* REQUIRED ACTION: Reproduce the listing that follows in full. Omit its images.

* GIVEN MATERIAL:
:::

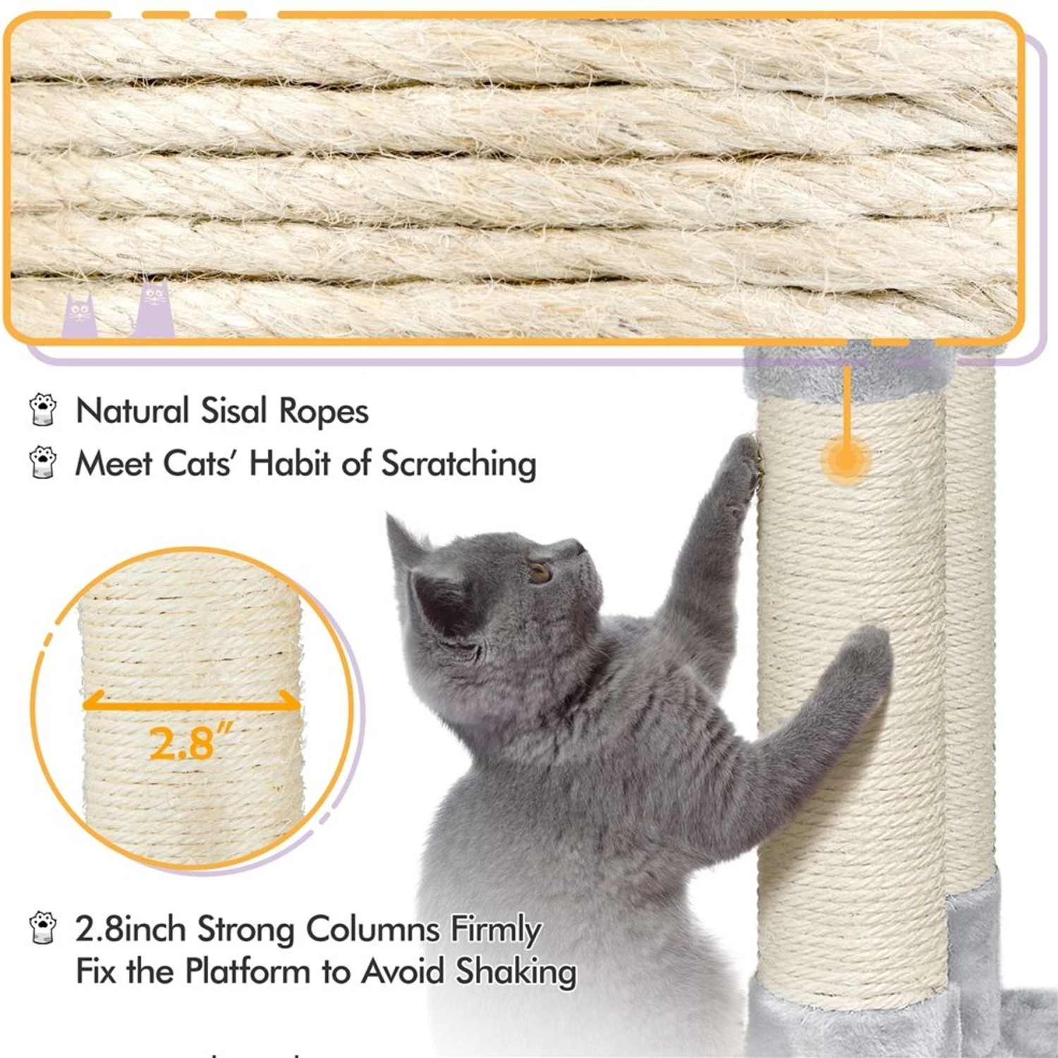 - Includes a scratching board and four scratching posts to help sharpen your kitty’s claws—and keep them away from your furniture!
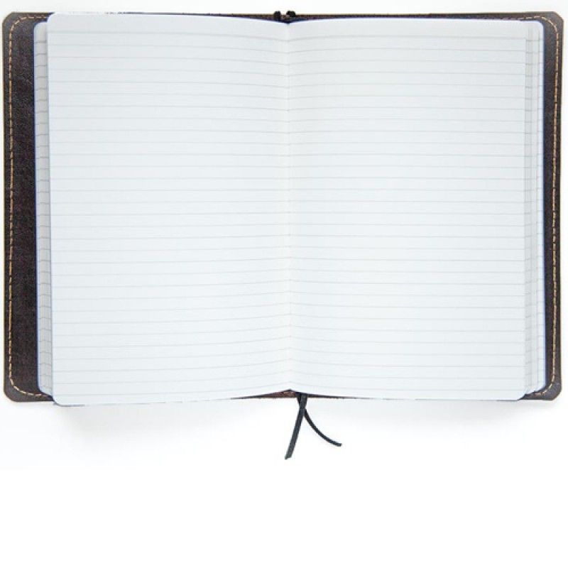 Цвет блокнота можна выбрать повкусу - темно-синий либо коричневый. Блокнот фиксируется при помощи резинки, цвет которой в тон цвета обложки. Также записная книжка имеет двойную закладку для удобного подьзования. Внутренний блок записной книжки - шведская бумаги кремового цвета.
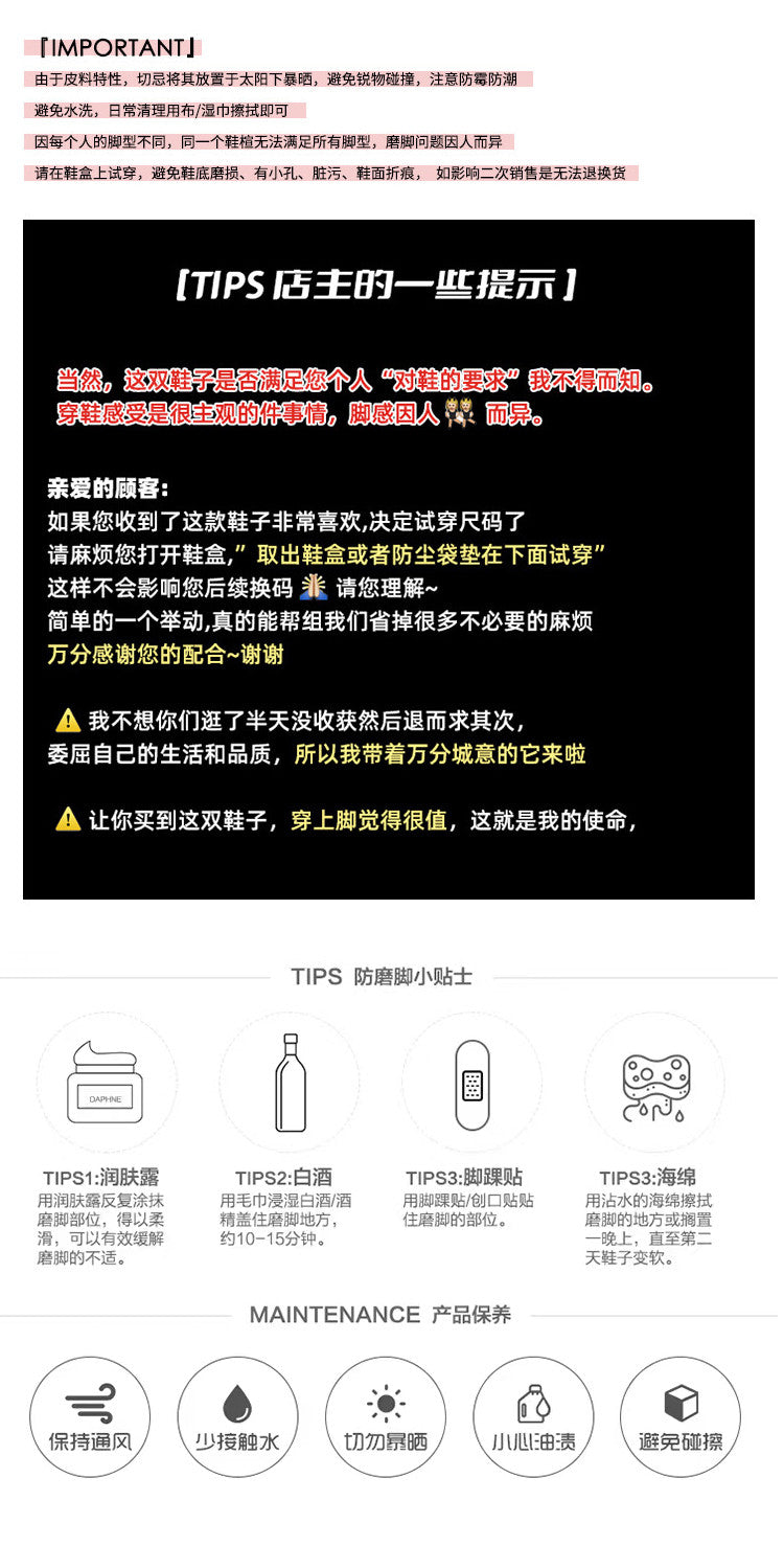 1: Quality triple guarantee, within one month if the heel, sole, or upper breaks, we will replace it with a new one and provide lifetime maintenance

:::

* EXERCISE ANSWER:
 - Includes a scratching board and four scratching posts to help sharpen your kitty’s claws—and keep them away from your furniture!
 Цвет блокнота можна выбрать повкусу - темно-синий либо коричневый. Блокнот фиксируется при помощи резинки, цвет которой в тон цвета обложки. Также записная книжка имеет двойную закладку для удобного подьзования. Внутренний блок записной книжки - шведская бумаги кремового цвета.
 1: Quality triple guarantee, within one month if the heel, sole, or upper breaks, we will replace it with a new one and provide lifetime maintenance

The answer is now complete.